Alongside the eye-opening dynamism of the creative mindset was, she remarks, the cultural encounter of “being submerged in African-American society. I’m black but not African-American. I’m definitely Irish, yet I didn’t grow up in a black culture, rather a suburban Irish culture. There are important distinctions: I have a different way of seeing things and of being black in a modern way. Spending time in NYC made me more culturally sensitive to the African-American struggle in a way that I hadn’t before. I felt it was something worth exploring more on a personal level, which has subsequently influenced my work as a result.
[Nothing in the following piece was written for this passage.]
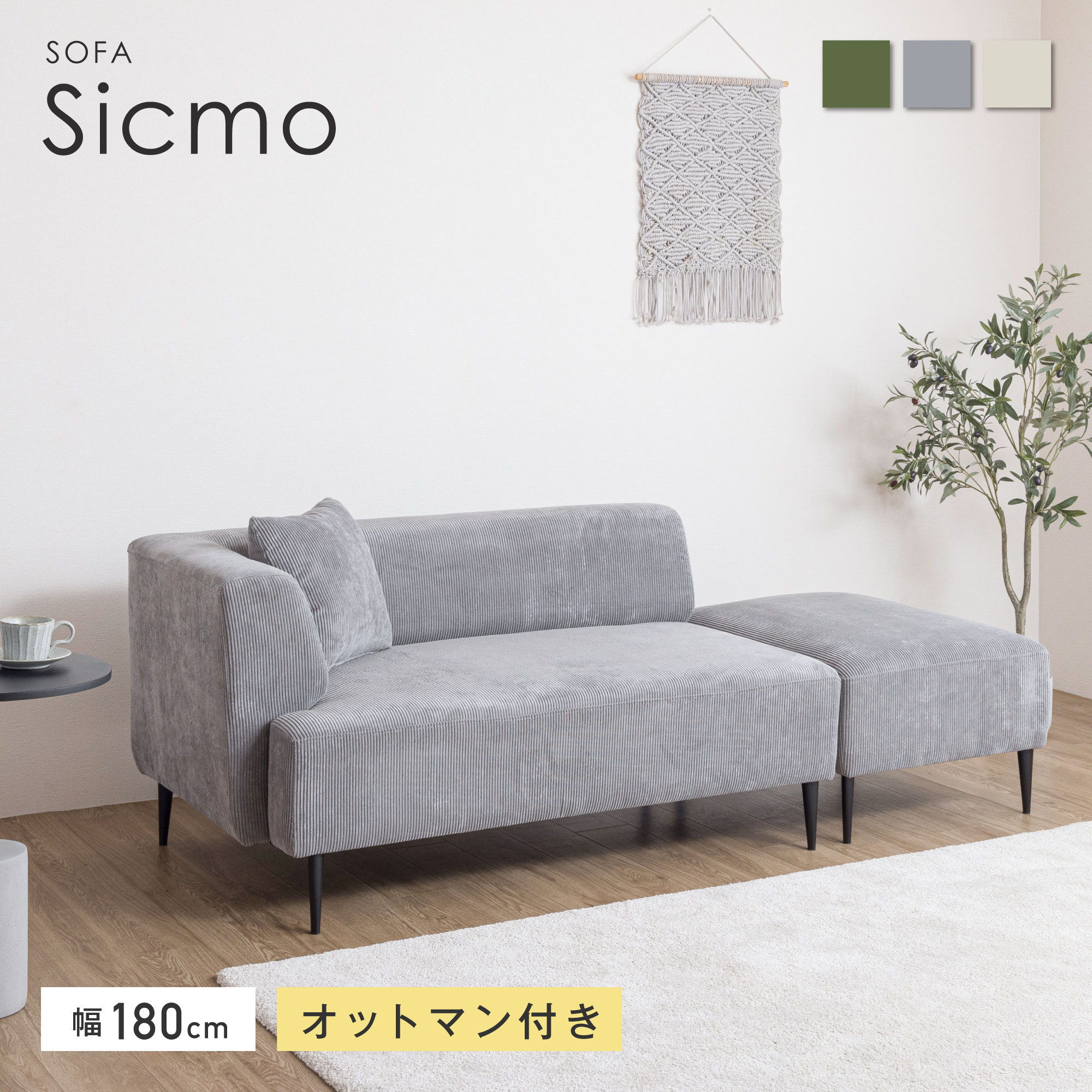 ソファ ソファー 2人掛け 2人用 1人掛け ローソファ フロアソファ 125cm幅 コーデュロイ生地 オットマン付 カウチソファ スツール ミニクッション付き 肘付き スチール脚 取り外し可能 北欧 新生活 インテリア おしゃれ かわいい コンパクト 小さめ モダン シンプル Sicmo
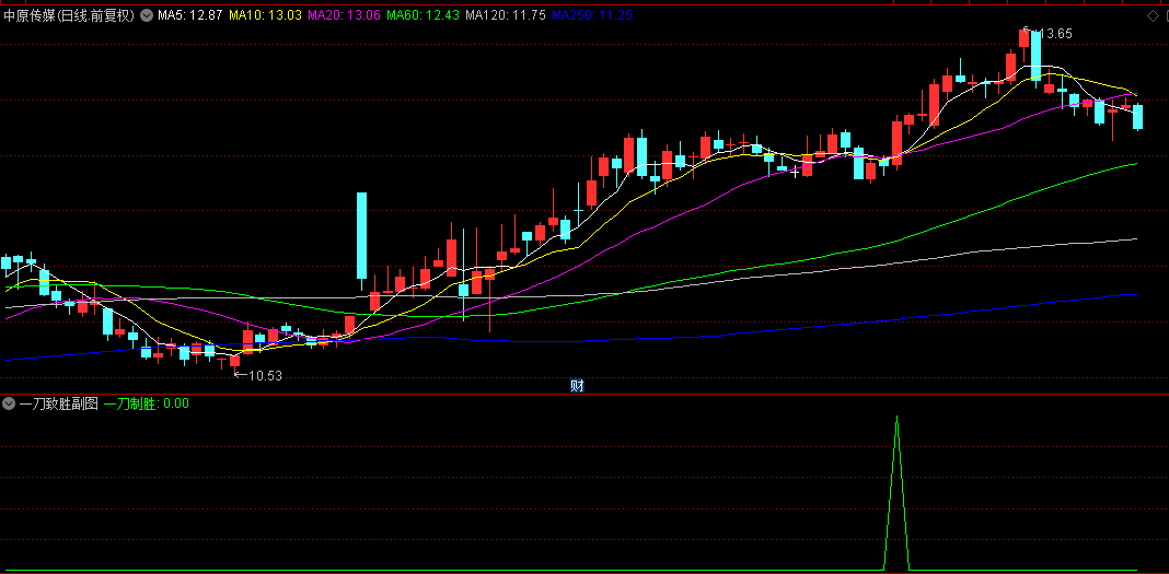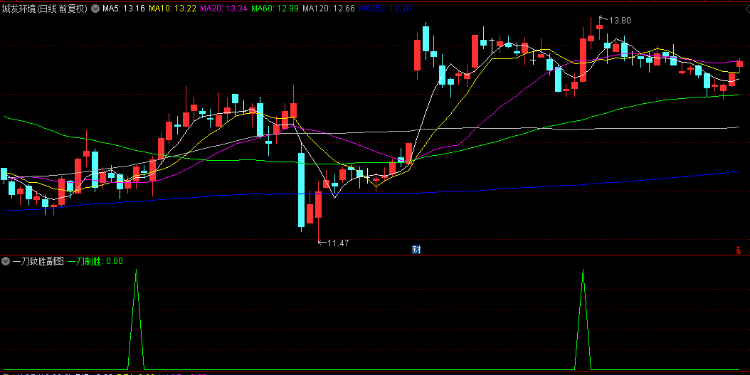 1.一刀致胜指标组合了多种技术分析方法,主要功能是识别趋势启动的买入信号,以10/20/60日均线的平均值,作为趋势中枢,顶线与底线构成价格通道,反映波动区间。

It also made me re-enter a dialogue with my heritage.”

 

Such internal discourse has resulted in more frequent visits to Sierra Leone, which is now more accessible for international visitors. “As you get older, you sense you’d like to form a longer relationship with a place that is also your home in the same way that Ireland is.” So has she settled in some ways with the twin and (sometimes) complex topics of identity and heritage? Are they less fraught these days? Sallay’s reply is part rhetorical, part wish: “I wonder do they ever stop?” Fully aware that “there are issues about these subjects”, she looks forward “to the day when we don’t have to be anything other than casual about them.”

 

On her return to Dublin from NYC in 2013, Sallay knew that music and the creative arts could only be her new profession. By the first half of 2014 she headlined her first show – not as Sallay Garnett but as Loah (the stage name loosely taken from Isabelle Allende’s novel, Island Beneath The Sea). The gig was, she recalls, a clear statement of intent. “When I look back from a distance of five years I remember it as a special performance and a great way to start things. I was really present, and I cared about how I performed. The problem with it – and it is somewhat still a problem – is that of coherence of sound. That’s something I continue to work on, an on-going challenge, if you like.”

 

Sallay should be so worried. While her early music was infused with soul/funk grit that had feet tapping and heads moving within seconds, her more recent material veers towards timeless pop with a dance edge. She classifies her newer tunes (on which she has collaborated with Irish electronic musician, Bantum, aka Ruairi Lynch) as “sad bangers” – shorthand for pop/dance music laced with lyric/sonic melancholy. Her new music, she affirms, is less a speculative exercise and all about being more direct.

 

“I can’t veil my meanings in abstract words any more. For whose sake? And what am I trying to hold onto, anyway? The pretence is gone, and trying to be seen to be clever is over. I just want to get to the point in as little time as possible.”

 

Speaking of time, too much of it has passed, and we are being politely shooed out of the deli. What’s next, then? An album of new songs (with Bantum) is scheduled for release by the end of the year. Long before that, however, Sallay will veer Heavenwards over London when she takes on the role of Mary Magdalene in The Barbican stage production of Jesus Christ Superstar.

 

Acting? Singing? Musical theatre? Sad bangers? With harmonies in her head and bright lights in her eyes, success for Sallay Garnett is surely written in the stars. It’s academic, innit?

 

(This interview first appeared in Cara magazine, June 2019.)